Ch-ch-ch-ch-changes!

Stress cannot and should not be avoided. Everybody is always under some degree of stress. Even while quietly asleep our heart must continue to beat, our lungs to breathe, and even our brain works in the form of dreams. Stress can be avoided only by dying. The statement "He is under stress" is just as meaningless as "He is running a temperature.
-Dr. Hans Selye

I’ve been feeling stressed lately. It snuck up on me a few days ago, and I couldn’t put my finger on why. Life is good. Indeed, it’s very good. In a couple of days Wendy will be returning full-time to our family home, rather than sort of visiting every other weekend. Furthermore, it means I won’t need to be going to ‘visit’ our Victoria apartment once or twice a month. In fact, it means we can give up said apartment, which has been cutting into our assets to the tune of a grand a month. That’s a lot when you’re still paying a mortgage on top of it.

So, it’s good. I’ll be with my ladylove full-time, other than during the hours in the day when we’re working. We’ll be saving a big chunk of money – money that can be used for travel, maintaining vehicles and that sort of thing.

Therefore, all the positives considered, why am I feeling stressed? Then I remembered my Selye readings from way back in Psych 100 days. Selye, who was an academic at McGill University in Montreal, was the guy who ‘invented’ stress. Well, he didn’t exactly invent it, but he defined it in such a manner that his considerations are basically universally accepted, just like Kubler-Ross’s on the Stages of Grief, or Virginia Satir (see above) on Stages of Change are.

One of Selye’s primary points is that life is about stress. We need stress in order to keep living. It keeps us safe and keeps us functional. And a body can be feeling just ecstatic, but be under stress. You can be lying on a beach in Hawaii or doing the naughty with a new lover, and still be stressed. You want to talk about stress, ask the folks who’ve won the lottery. They’re sometimes so stressed they go nuts or die prematurely.

So, back to me. I mean, since it is my blog, it is all about me.

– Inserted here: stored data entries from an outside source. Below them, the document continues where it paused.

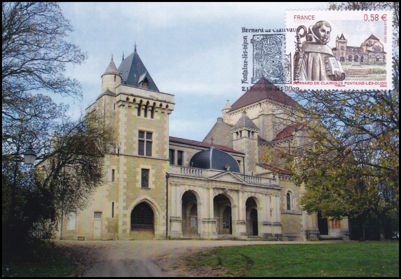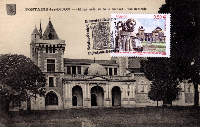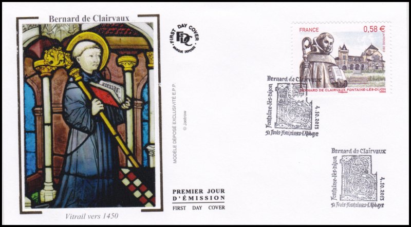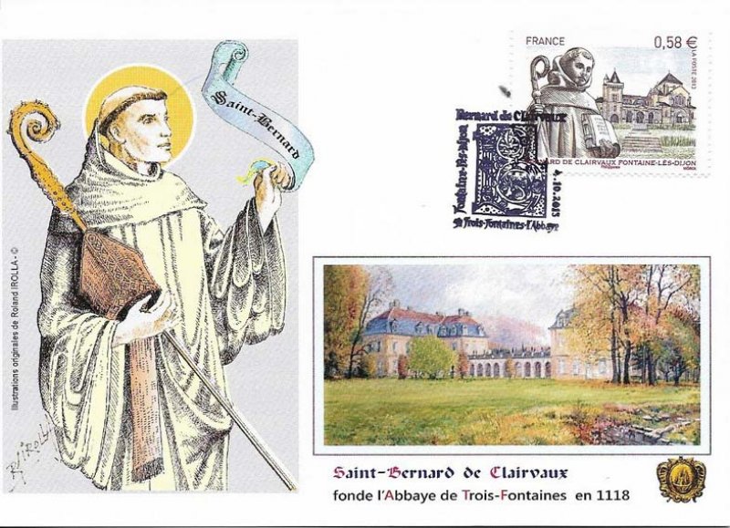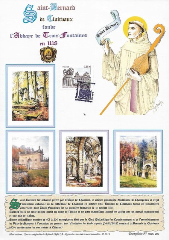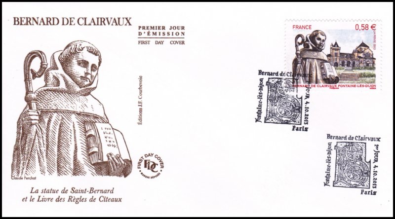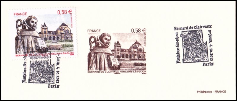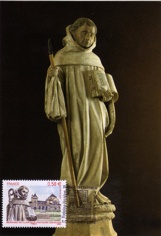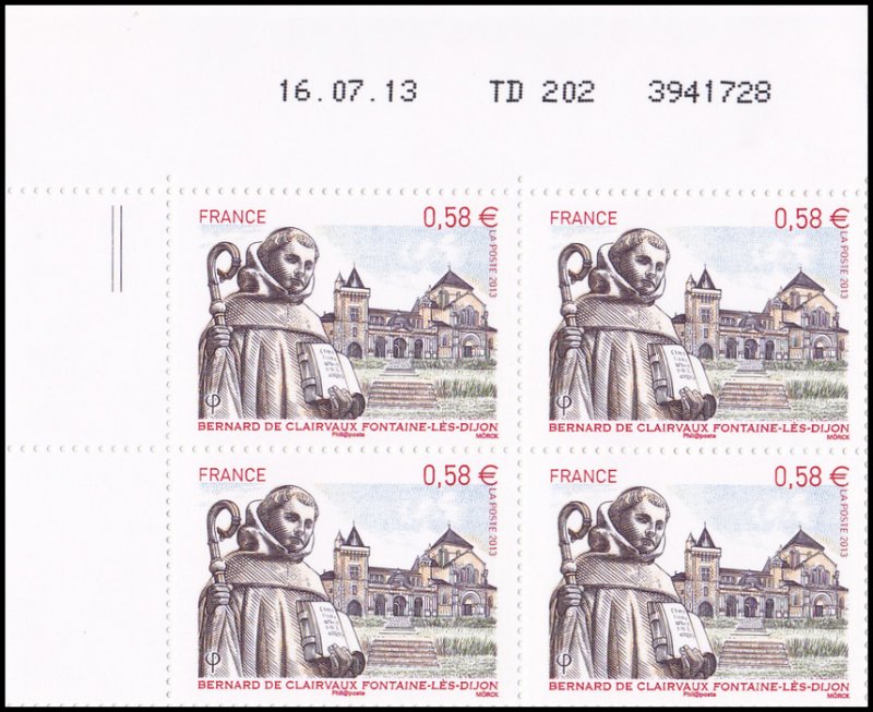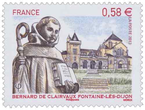 | Commentaire | Timbre à date “Premier Jour” conçu par Louis Arquer / Imposition : 8 bandes de 6 TP Homme d’influence, fin lettré et rédacteur prolixe, Bernard de Clairvaux fut au début du XIIe siècle celui qui donna son plein essor au mouvement cistercien. Né à Fontaine-lès-Dijon en 1090, dans une grande famille noble de Bourgogne, Bernard de Fontaine est le fils de Tescelin le Roux et d’Aleth de Montbard. En 1112, il entre à l’abbaye de Cîteaux, fondée en 1098 par Robert de Molesme. En 1128, il participe au concile de Troyes, dont il est nommé secrétaire, mais il est contesté par une partie du clergé, qui pense que ce simple moine se mêle de choses qui ne le regardent pas. C’est lors de ce concile que Bernard fait reconnaître les statuts de la milice du Temple, les Templiers, dont il rédige les statuts. Personnalité écoutée, il intervient dans les affaires publiques, défend les droits de l’Église contre les princes temporels, et conseille les papes. Partisan d’une ligne traditionnaliste, il combat les idées novatrices d’Abélard et le fait condamner au concile de Sens en 1140. Bernard meurt en 1153, à 63 ans. Canonisé en 1174 par Alexandre III, il a été déclaré docteur de l’Église par Pie VIII en 1830. Cinq cents abbayes cisterciennes ont été fondées sous son impulsion à travers la France et l’Europe. |
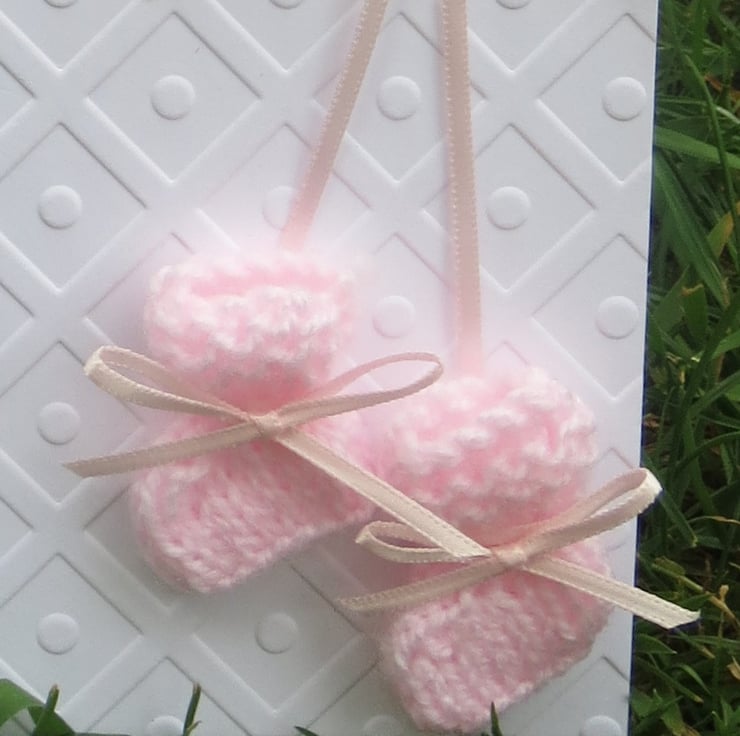 Finished with hand knitted baby boots, and finished with satin ribbon,and pearls, and placed upon and embossed background.
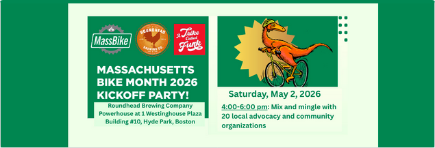 Join us for a ride to kick off Mass Bike Month, hosted by Mass Bike, our great state-wide biking advocacy group. We’ll be going to Roundhead Brewing Co. in Hyde Park celebrate with other bikers. The plan is to leave from the Newton Library on Homer St. in Newton Center at 3:00pm. We’ll arrive at Roundhead Brewery at approx. 4:15, meet up with other bike enthusiasts from the Boston area and enjoy a beverage and a snack for a little break, then head back to Newton, arriving back at the library by 6:30pm. Mass Bike requests that you please register (https://www.massbike.org/bike_month_kickoff_2026) , so they will have an idea of how many riders to expect.
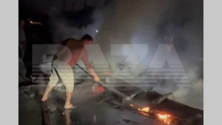 После падения дрона возник пожар. Скриншот видео
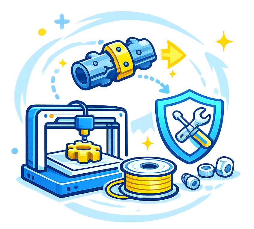 Impression depuis fichier fourni (STL/STEP) ou pièce conçue ensemble, avec conseils matière/orientation.
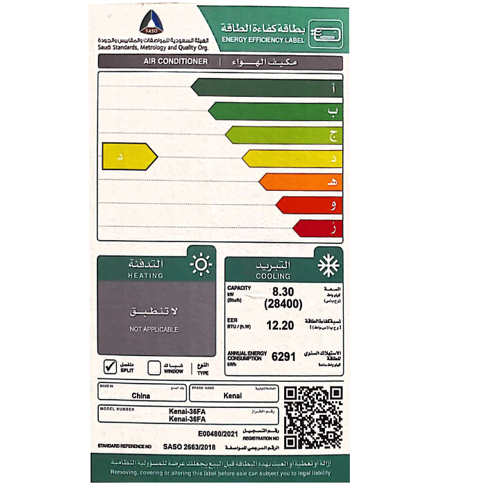 مواصفات مكيف كيناي سبليت 28400 وحدة تبريد فعلية – بارد :
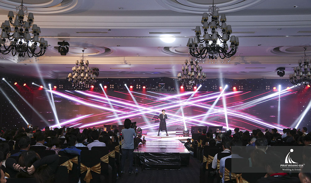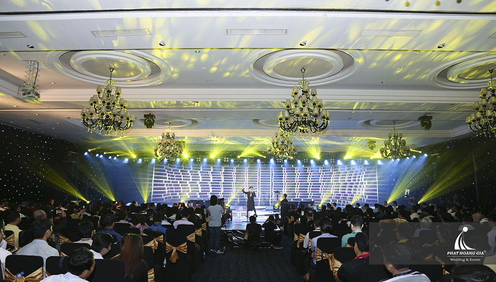 Khán phòng lỗng lẫy với không gian màn sao, sân khấu với màn hình led nhiều hiệu ứng hình ảnh tinh tế, sắc nét, nhận được nhiều đánh giá cao của khách tham dự cùng hệ thống âm thanh, ánh sáng được thiết kế và lắp đặt chuẩn xác, kết hợp với nhau một cách nhuần nhuyễn, chính là sản phẩm rất tâm huyết của ekip Phát Hoàng Gia.

I realize that my stress comes from ‘change’ in this case. Positive change, but change nevertheless. Wendy and I had lived together full-time – without and ultimately with benefit of clergy – since the spring of 1998. Then, in December of 2006 she took a good job in Victoria. It was a foot in the door kind of thing and she would have been crazy not to have taken it. At the same time, it meant she had to spend most of each month in a place 130 miles away. And, we both had to adjust to our loss of full-time. We both thought it would get easier as time went on. It didn’t, which is a nice testament about how much we value each other. So, it actually got harder.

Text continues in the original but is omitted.